I think the socialistic tendencies also stem from an entrenched sense of inferiority that American professors feel toward their European counterparts.  Somehow they think that proclaiming socialism as the answer to everything is a way to ingratiate themselves to Europeans to gain intellectual acceptance. 

Much of their love for socialism comes from their claims of empathizing with those less fortunate after going slumming that one summer or through their fetishism of the Third World.  But don’t confuse their “compassion” for the way many of them treat their own students or sometimes their own colleagues.  No, professors pretty much only care about themselves. 

It’s all about prestige and self-advancement.  If you think high-minded professors are above intimidation, extortion, exploitation, or outright abuse, you are sorely mistaken.

Many follow a “postmodern” creed, excoriating racism, sexism, classism, and act as apologists for terrorists and criminals, but they support the illogicalities of affirmative action and cultural relativism.  Political correctness is more about atoning for their own white guilt and the fact that the University has been one of the most exclusionary institutions in history. 

Professors claim to be “non-judgmental,” but academics are actually some of the most judgmental people around, especially toward those they deem as unenlightened or somehow less-than.

Though I am critical, I actually see a lot of humor in professorial hypocrisy.  I hope my remarks offer some reassurance to people concerned about the current political and economic climate and the perceived shift to the Left or, some might even say, toward socialism. 

I am skeptical that there are more than a handful of any true radicals on either side of the American political spectrum and I doubt you will find many genuinely dangerous individuals in universities.  In most cases, such professors are surpassed in their phoniness only by politicians, entertainers, and elite media figures.

I do want to be clear that I am in no way offering an indictment of higher education.  I wholly believe that the University serves a necessary, worthwhile, and noble purpose.  Furthermore, I fully believe in the principles of academic freedom and liberal education.  But when there is a highly questionable demeanor coming from certain factions of the professoriate, it undermines the credibility of the University and only deepens the suspicions that many feel toward our colleges.

With that in mind, whatever happened to scholarship that had the goal of educating and illuminating its readers?  The works of Gordon Wood, Joseph Ellis, David McCullough, and Samuel Huntington are prime examples of respectable, valuable, worthwhile, and readable scholarship. 
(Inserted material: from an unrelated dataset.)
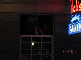 Then we went on the walking cocktail tour. Another good choice. It wasn't exactly what we thought it would be, but so much more. The tour guide was a retired high school English teacher, who actually developed the tour. I think he must have spent alot of time drinking in a bunch of bars after retirment. No problem with that!! Well, we went into four bars while on our walk. Oh, and in NO you can walk on the streets with a drink as long as it is in a 'to go' cup. Each of these bars/restaurants have a history and a special drink so we were able to order them. Fortunately, Russ and I shared. In one of these restaurants, we were able to go into dining rooms which the public are not generally allowed into. Our guide, Joe, has written a book with the history on these sites as well as the 'recipes' for these drinks, so of course we had to buy one. Of course we will be using it once we get home!
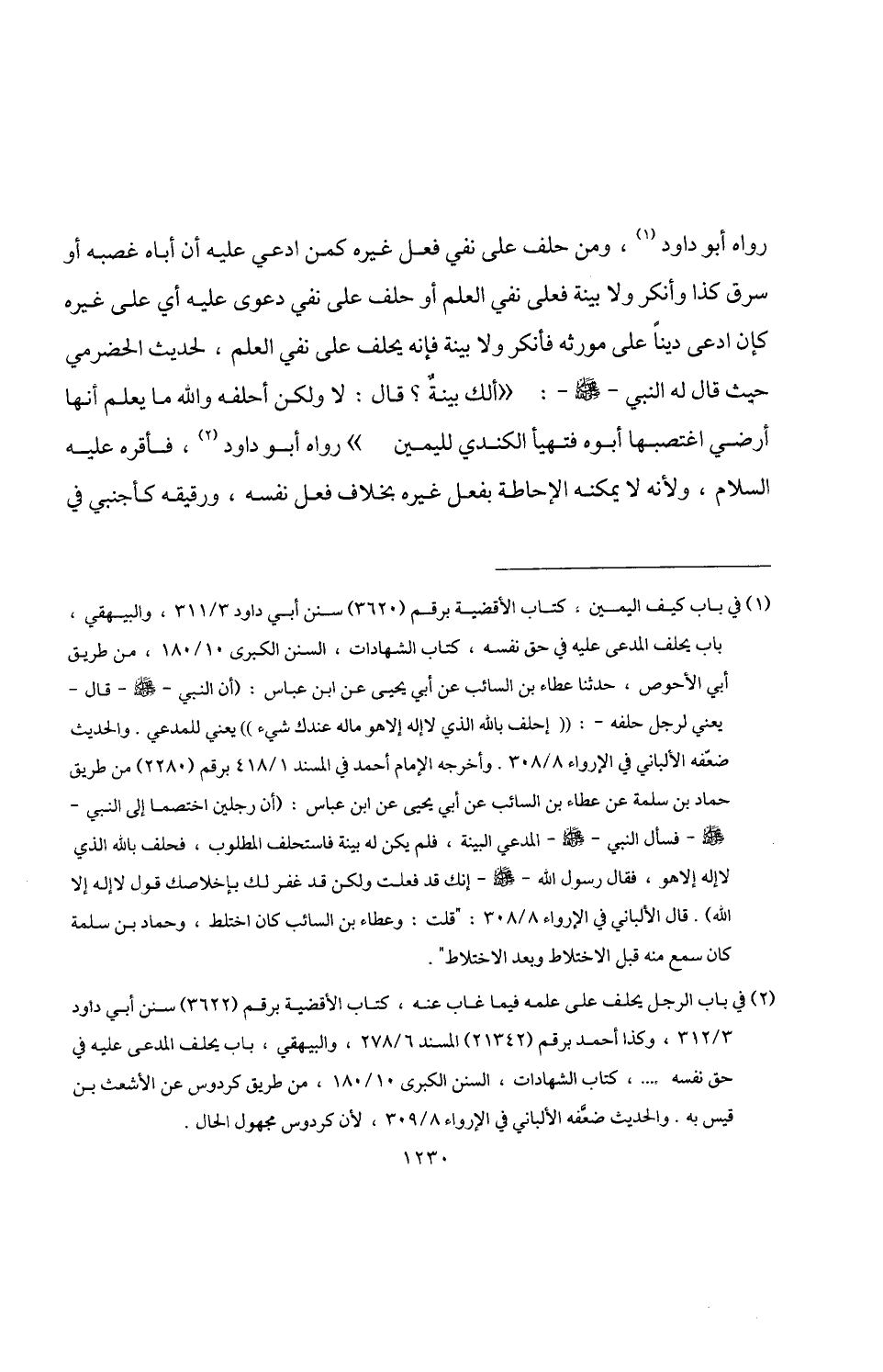 (¬1) في باب كيف اليمين، كتاب الأقضية برقم (3620) سنن أبي داود 3/ 311، والبيهقي، باب يحلف المدعى عليه في حق نفسه، كتاب الشهادات، السنن الكبرى 10/ 180، من طريق أبي الأحوص، حدثنا عطاء بن السائب عن أبي يحيى عن ابن عباس: (أن النبي -صلى اللَّه عليه وسلم- قال -يعني لرجل حلفه-: "إحلف باللَّه الذي لا إله إلاهو ماله عندك شيء" يعني للمدعي. والحديث ضعّفه الألباني في الإرواء 8/ 308. وأخرجه الإمام أحمد في المسند 1/ 418 برقم (2280) من طريق حماد بن سلمة عن عطاء بن السائب عن أبي يحيى عن ابن عباس: (أن رجلين اختصما إلى النبي -صلى اللَّه عليه وسلم- فسأل النبي -صلى اللَّه عليه وسلم- المدعي البينة، فلم يكن له بينة فاستحلف المطلوب، فحلف باللَّه الذي لا إله إلاهو، فقال رسول اللَّه -صلى اللَّه عليه وسلم- إنك قد فعلت ولكن قد غفر لك بإخلاصك قول لا إله إلا اللَّه). قال الألباني في الإرواء 8/ 308: "قلت: وعطاء بن السائب كان اختلط، وحماد بن سلمة كان سمع منه قبل الاخنلاط وبعد الاختلاط".

This is probably why they sell books and win awards unlike other smug, masturbatory, highly esoteric research that often doesn’t go beyond the Ivory Tower and only perpetuates the cycle of problems we see in academia.
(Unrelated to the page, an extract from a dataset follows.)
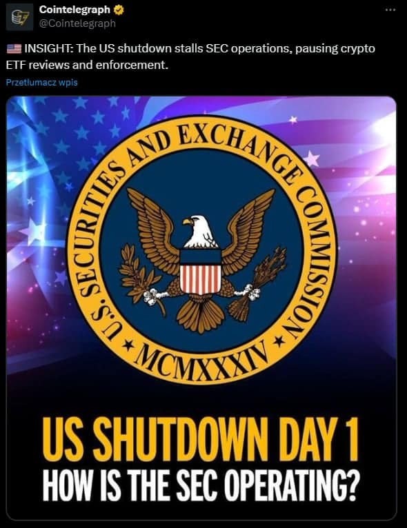 Интересно, что электронная система SEC по -прежнему принимает приложения, поэтому процедуры официально продолжаются, только их фактическая реализация была сдвинута вовремя. Это классический пример того, как политическая суматоха в Вашингтоне может потрясти финансовый рынок, не выходя в заголовки. В случае криптовалют, которые уже сами по себе являются высокой изменчивостью, каждый день задержки в решении регулятора ощущается.
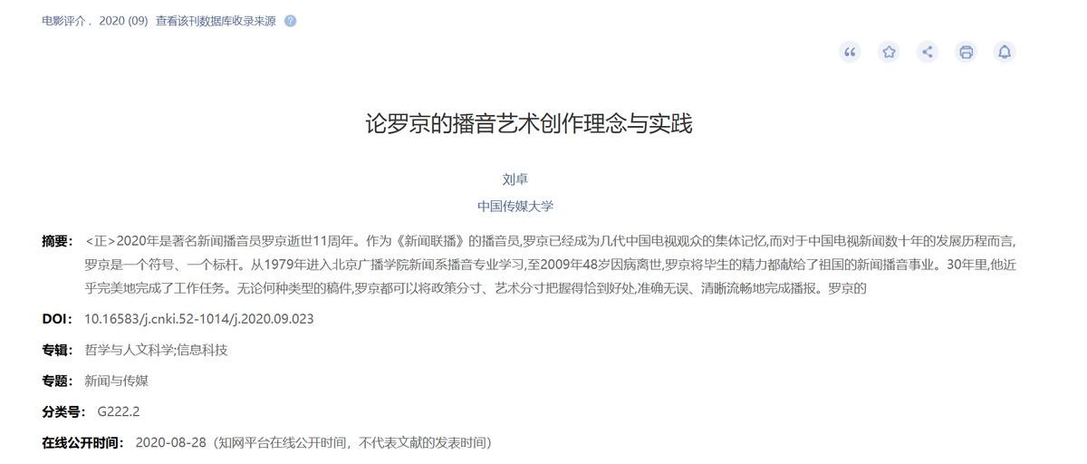 [1]刘卓.论罗京的播音艺术创作理念与实践[J].电影评介,2020,(09)

These problems have been around for years, but I hope I offer some insight from someone who has endured many years among these people.  And I say with little doubt that “radical” professors shouldn’t be feared simply because most of them are just pretend radicals.  And I would even go as far to say that many of them are only nominally liberals. 

So while we need not fear the actual professors, we should be concerned about the young people they “teach” and interact with, as too many are easily taken in by their charisma and brainwashed accordingly. 

They may offer lots of theatrics and haughty rhetoric, but many of these individuals conduct lucrative consulting work on the side, send their kids to private school, live in posh homes in tony neighborhoods, list questionable and creative “business” and “educational” expenses as tax deductions, and never miss an opportunity to plug their most recent book.

Other academics might dismiss me as some jaded, pseudo-intellectual wannabe.  But my thoughts on the hypocrisy of “radical” academia only intensified with each year I spent in it.  And I think that the “radicals” know the truth.  So don’t let their Marxist-chic, America-hating, sanctimonious rhetoric fool you.  After all, I’m not convinced that they’re even fooling themselves.